Evaluation of the role of H-Ras in the regulation of RLR signaling pathway

• Main Authors: Guann-An Chen, 陳冠安
• Other Authors: Lih-Hwa Hwang
• Format: Others
• Language: zh-TW
• Published: 2018
• Online Access: http://ndltd.ncl.edu.tw/handle/b985gk

博士 === 國立陽明大學 === 微生物及免疫學研究所 === 106 === We have used shRNA high-throughput screening method to screen for the unrevealed potential cellular factors involved in antiviral responses, and identified a proto-oncogene, H-Ras, acting as a positive regulator in antiviral activity, whose depletion could enhance Sindbis virus and vesicular stomatitis virus replication. Further analyses indicated that depletion of H-Ras results in a decrease in Sendai virus (SeV)-induced retinoic acid-inducible gene-I-like receptor (RLR) signaling. Interestingly, however, ectopic expression of wild-type H-Ras results in a biphasic mode of RLR signaling regulation: while low-level expression of H-Ras enhances SeV-induced RLR signaling, high-level expression of H-Ras significantly inhibits this signaling. The inhibitory effects correlate with the activation status of H-Ras.
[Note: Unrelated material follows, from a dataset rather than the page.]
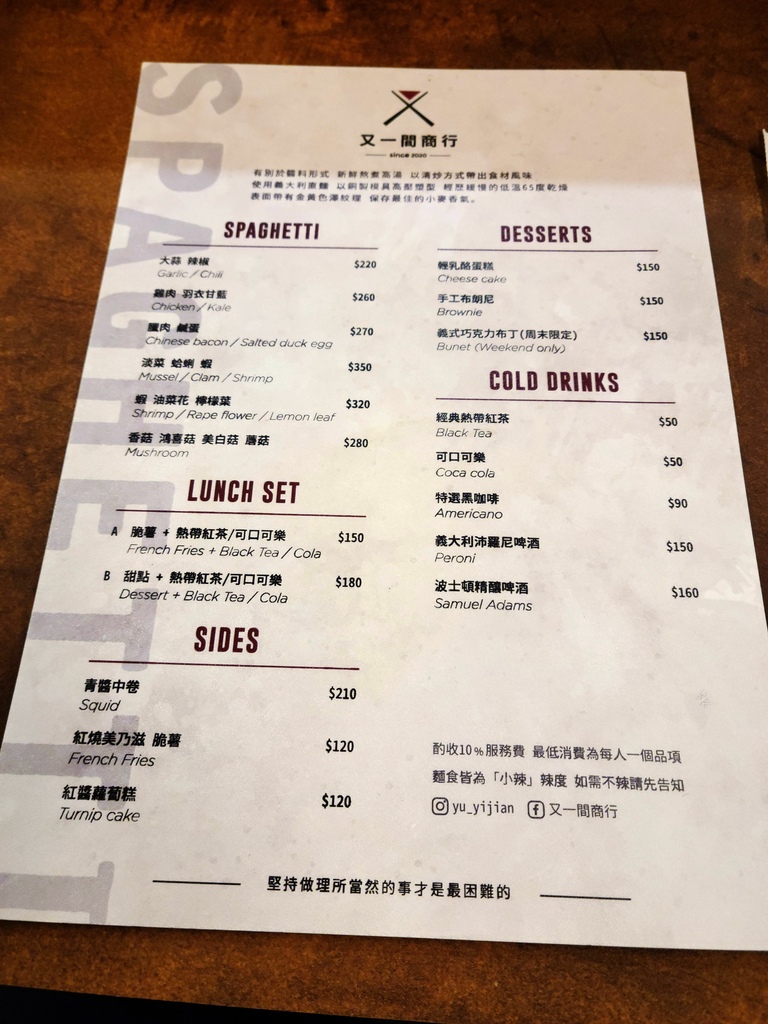 照片記錄:青醬中卷210、大蒜辣椒義大利麵220、紅茶50。

Mechanistically, we demonstrate that depletion of H-Ras reduces the formation of MAVS/TRAF3 signaling complexes and oncogenic H-Ras exerts a negative effect on type I IFN (IFN-I) responses. In summary, we have proven the role of H-Ras in the regulation of type I interferon responses; however, the detailed mechanisms remain to be further investigated.